23 合従連衡 その8-2
23 合従連衡 その8-2
国王・闘に率いられた剛国軍の戦意は凄まじかった。兵力差が無くとも備国兵を蹴散らしていただろう。
ほぼ無傷で句国の北大門を落とした剛国兵たちは、実に晴れ晴れとした表情で若き猛き王へ向け、怒号のような祝福の言葉を送っり続けた。
反対に、備国軍は部隊もであるが何よりも精神が壊滅状態となっていた。
剛国軍の猛攻を前に、辛うじて死を免れた備国兵たちはわずか数名であり、彼らは捕虜としての辱めを受ける未来しか残されていない。
いや、なまじ命を拾ったばかりに、彼らは此の先、死を迎えるまで死ぬよりも恐ろしい悪夢のような現実に生かされるのだ。
備国兵たちは、青白い霊鬼のような顔付きで寄り固まり、恐怖に震えるしかなかった。
乱れに乱れた統率も何もなくなった荒れた生活を送っていた名残の残る北大門を護る城の前に集められた備国の敗残兵を前に、くっく、と闘は喉を鳴らして笑う。
かと思うと、ぎらり、と射抜くような、鋭く尖った牙のような双眸で備国兵を見下ろした。
自分たちの生命を奪う事に何の感慨も抱かない冷ややかな視線に、虜囚たちは、ぞっ……と身震いをしながら更に身を寄せ合った。
彼らの王である弋が感情の赴くままに丸太のような腕を振り回し暴れ回る巨体を誇る熊であるとするならば、闘はどんな小物であろうとも獲物と見定めたならば確実に、そして全力で仕留める狼だろう。

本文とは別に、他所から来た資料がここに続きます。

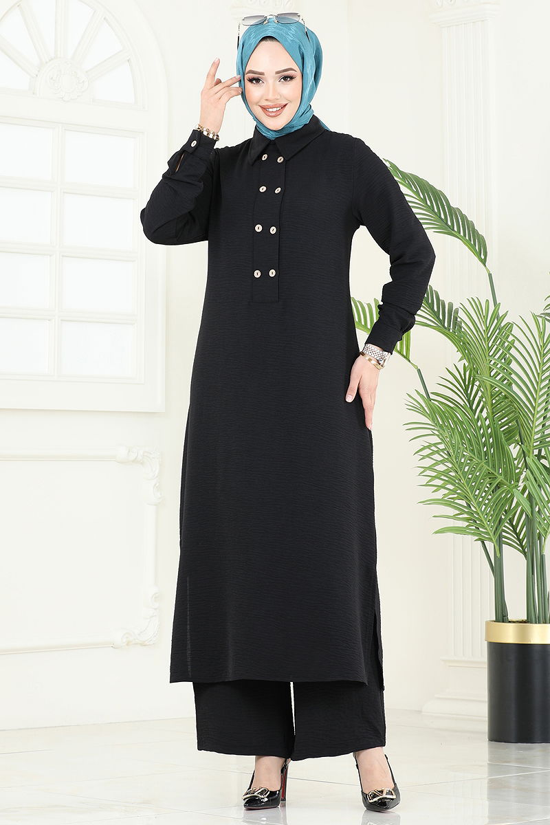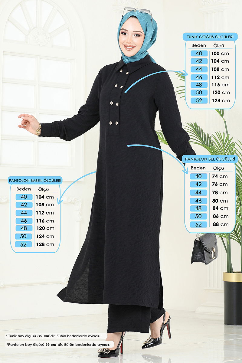 The Front-Buttoned Aerobin Set is designed to bring the elegance of modest fashion to all four seasons. Washable at 30 degrees with its sensitive touch, this outfit provides comfort throughout the day with its soft Aerobin fabric. Featuring a shirt collar and a side-slit tunic for a modern look, and elastic waist pants for enhanced comfort, it's perfect for those seeking coziness and elegance in every setting. The active buttons on the cuffs complete the chic appearance.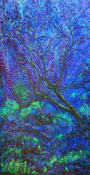 The exhibit is part of a larger, ongoing body of work in which the titles of the paintings are borrowed from beat poet Jack Kerouac’s writings — mostly from Dharma Bums and On The Road.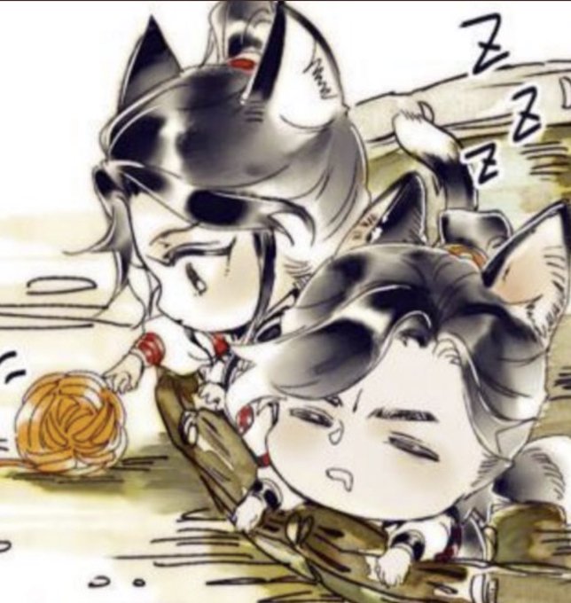 They’re so adorable, look at them! Mu Qing purring while playing with the yarn ball 🧶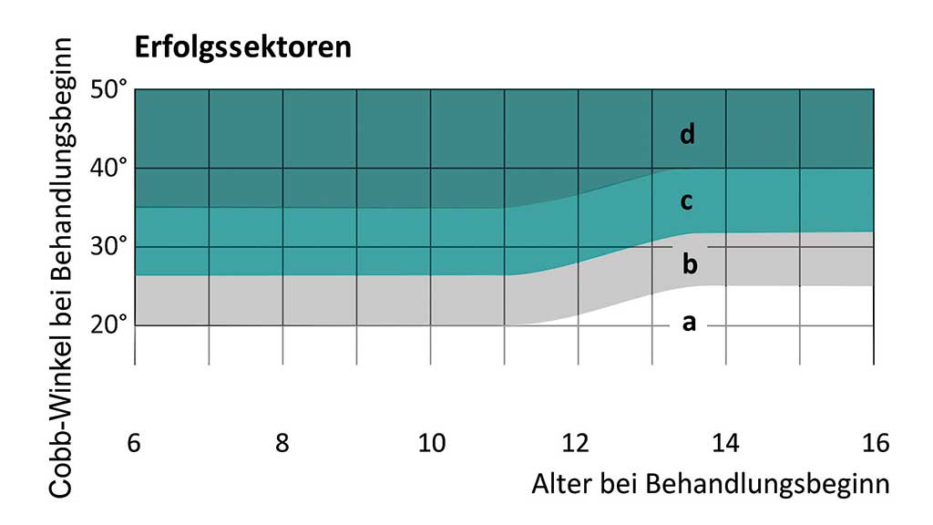 Der Erfolg einer Korsetttherapie ist abhängig vom Ausmaß der Deformität zu Behandlungsbeginn und der Zeitspanne des noch bevorstehenden Wachstums (Abb. 3). Es gäbe durchaus einen Bereich frühzeitig Korsett-behandelter Skoliosen, in dem man eine Winkel-Regredienz erwarten könnte (Sektor a), aber genau dieser Bereich wird meist gar nicht genutzt. Bei mittleren Ausgangswinkeln (Sektor b) reduzieren sich die Erfolgsaussichten in den meisten Fällen auf das Erhalten des Winkelwertes nach Korsettablage. Definiert man die Erhaltung des Winkels als „Behandlungserfolg“, erzielt eine Korsettbehandlung in den Sektoren a und b grundsätzlich erfolgversprechende Ergebnisse. Bei höheren Ausgangswinkeln (Sektor c) muss man im Endergebnis nach Korsettablage oft eine moderate Verschlechterung hinnehmen und bei hohen Winkelwerten (Sektor d) ist die Korsetttherapie oftmals überfordert. In den Sektoren c und d ist nachhaltiger „Erfolg“ mühsam oder gar nicht erreichbar 9. Grundsätzlich deckt sich der empfohlene Indikationsbereich nicht unmittelbar mit dem erfolgreichen Bereich und man arbeitet mit Korsetts zum erheblichen Teil in den schwierigeren Bereichen. National ist die Lage etwas günstiger, da man in Deutschland Korsettversorgungen vielerorts schon bei 20° Cobb beginnt und damit den erfolgreichen Bereich besser ausnutzt 10.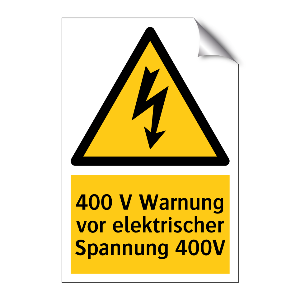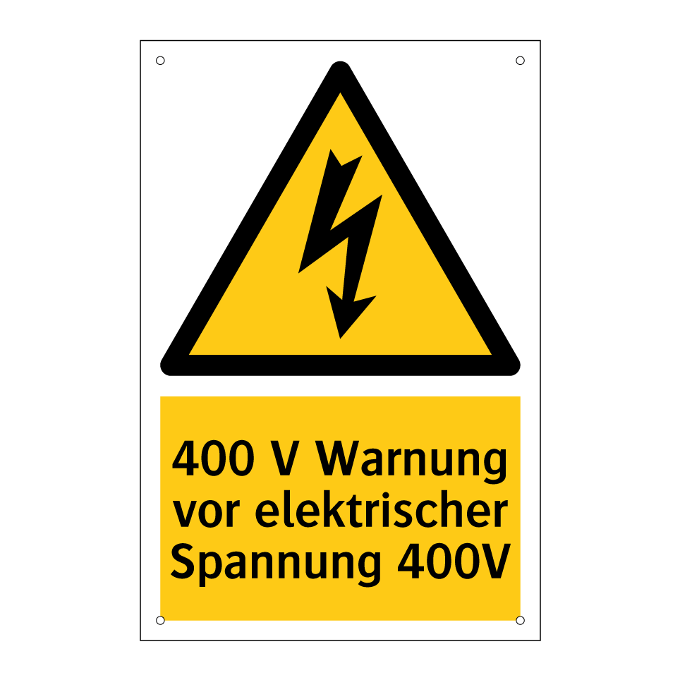 Warnschild mit dem Text 400 V Warnung vor elektrischer Spannung 400V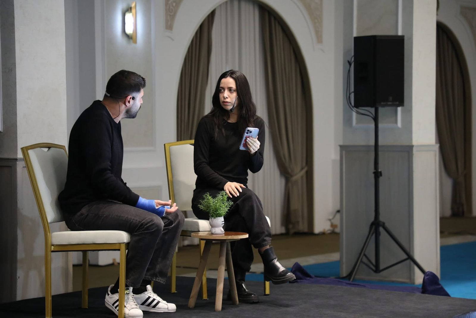 مندوبةً عن وزير الشباب، رعت مديرة مركز إعداد القيادات الشبابية الدكتورة شروق الهاشم، اليوم الثلاثاء، فعاليات العرض المسرحي التفاعلي "افتراض" للتوعية بالمخاطر الرقمية، والذي نظمته مؤسسة آرك ضمن مشروع تماسك، بحضور مسؤول مسار الإبداع في المشروع الدكتور مهند عربيات، والرئيس التنفيذي لشركة الجوهر للدراسات والأبحاث سليم نُقل، وعدد من ممثلي السفارات في الدول الصديقة ومؤسسات المجتمع المدني.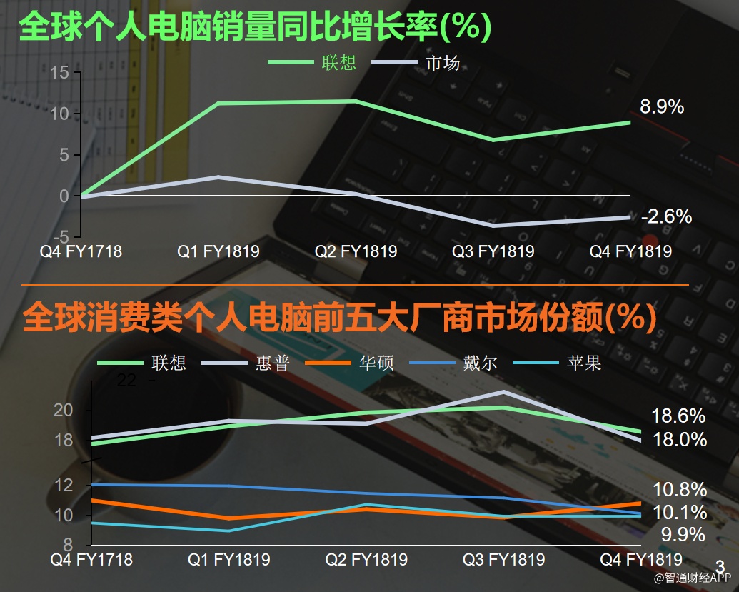 2019财年可以说是联想具有历史性的一年,首先是业绩上重回双位数增长水平,其次在具体业务上,也实现了历史性的突破。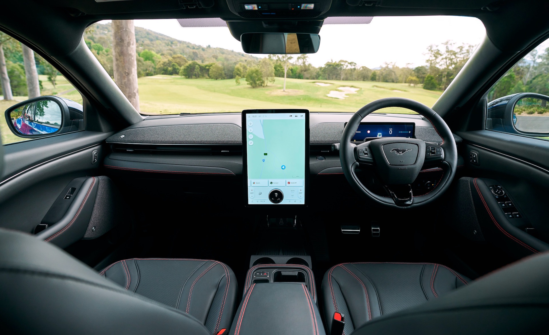Inside, the cabin delivers a sense of calm sophistication that contrasts somewhat with the bold exterior. There’s a open, modern layout dominated by a vertical 15.5-inch touch-screen running Ford’s SYNC 4A, complemented by a slim digital instrument display. It’s an interface that takes some getting used to, but Ford has wisely retained a dedicated strip for climate controls at the bottom of the screen – a small but appreciated nod to usability.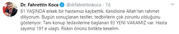 Sağlık Bakanı Koca, sosyal paylaşım sitesi Twitter hesabından yaptığı paylaşımda, "61 yaşında erkek bir hastamızı kaybettik. Kendisine Allah'tan rahmet diliyorum. Bugün sonuçlanan testler, tedbirlerin çok zorunlu olduğunu gösteriyor. Tanı konup tedavilerine başlanan 93 yeni vakamız var. Hasta sayımız 191'e ulaştı. Riskin önünü birlikte keselim" dedi.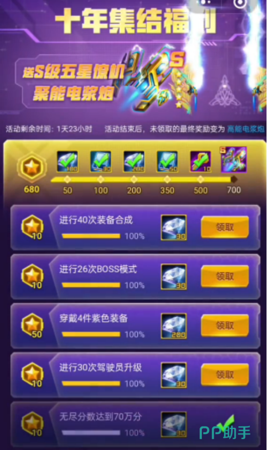 雷霆战机集结有多种每日必做任务,完成相应的任务之后,可以获得极其丰富的奖励,比如活跃任务完成,每天都需要参与到5次普通任务当中,就能够提升个人的活跃度。无尽模式挑战,此任务的完成方式较为简单,搭配分数加成20%道具在,在5~6个boss处刷宝箱后退出重开就能够将此任务完成了。

そう、正しく闘は、荒くれものの寄り集まりの戦意群れと化した仲間を、その猛々しさで押さえ込んで見事に統率している狼の王だった。
「陛下、備国兵らの処遇、如何になされますか?」
侮蔑の意を込めた眸で睨む闘は、正に獲物への間合いを詰めつつぐるぐると徘徊している若い狼宛らだ。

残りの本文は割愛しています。